JM: That’s really something. You know, I don’t always understand how to compartmentalize these things you tell me about, but this interview, much like your stories, has me experiencing a certain mystery, even though these experiences resist explanation. When I read your stories, I feel the pulse of your characters and I believe in them, no matter how unreasonable their demands and desires, I get all out of breath just trying to keep up. Have you always written in this manner?

LG: They refused to be compartmentalized. That’s what made them nuts. They couldn’t be compartmentalized and stashed away. They are still ringing and feeling. I don’t know I’m just trying to do my best to get to the truth of myself—that’s what I’m trying to do—but I mean trying to the point of maybe harming myself not drastically but gradually. I’m confessing! I have found that I want to get to the immediate and the urgent feelings, and I can swear to you the book is so much cleaner than this interview. This interview would take the eight or nine years the book took to tell it all without becoming so thick. This interview is too thick. The book lets you let the top down. Lets you cruise and laugh. Brings in the good clean sea air.

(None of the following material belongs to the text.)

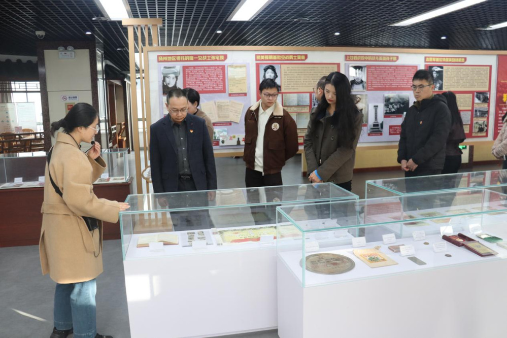 走進主題展廳,“組織動員”“眾志成城”“英勇作戰(zhàn)”“英雄贊歌”四個篇章依次鋪展,百余份歷史照片、文獻資料與珍貴實物,生動再現(xiàn)了75年前志愿軍保家衛(wèi)國的壯闊歷程。黨員干部們駐足凝視、認(rèn)真聆聽,揚州籍烈士的戰(zhàn)功名錄里,是故土兒女的熱血赤誠,志愿軍特級英雄楊根思“抱起炸藥包與敵同歸于盡”的壯舉,盡顯以身許國的決絕;空戰(zhàn)勇士吳奇犧牲前的最后一封家書,藏著對家國的牽掛與不舍;上甘嶺戰(zhàn)役中孫子明舍生忘死的沖鋒,刻著無畏向前的勇毅。泛黃的史料與鮮活的事跡,既生動詮釋了“祖國和人民利益高于一切”的精神內(nèi)核,也讓大家深刻領(lǐng)會了志愿軍的愛國主義、革命英雄主義與國際主義精神。
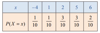 6, 2, 5, 5, 2, 6, 2, − 4, 1, 5 ஆகிய 10 எண்களையும் சமவாய்ப்பு மாறி X-ன் மதிப்புகளாக கருதினால் நிகழ்தகவு நிறை சார்பு

I keep thinking of how many different selves I could show in an email interview, in how I answer one single aspect of just one of these questions. I just don’t want to intellectualize. I don’t want to promote but then I do. This is what is wrong with our generation. I don’t want to be a lousy cheat phony. I just want to tell you that there is this heart inside me that’s going to burst and while it’s thrumming I have this self and this love that it is singing and this oddness of current over these brainsongs and I, we, have worked like a madman to get that first and foremost over the past eight or nine years on this book and I have gotten it to sing, so the headache of the self and the broken parts of the lens don’t show and can’t be felt anymore and the book just gives and gives and gives. It just loves to ride. It’s just giving all it has all night and day. And then it’s GONE. And it recedes. And the sins are forgiven. Because they are little shit sins anyhow. I didn’t kill anyone but the guilt is like I did. And the world goes on. And it is just you not me and a part of the world you don’t forget, I hope, saying I love you, I love you, like Holden says I love you, like Daisy says I love you, like every author says I love you I love you I love you. Forget everything of me. Go find the next love affair.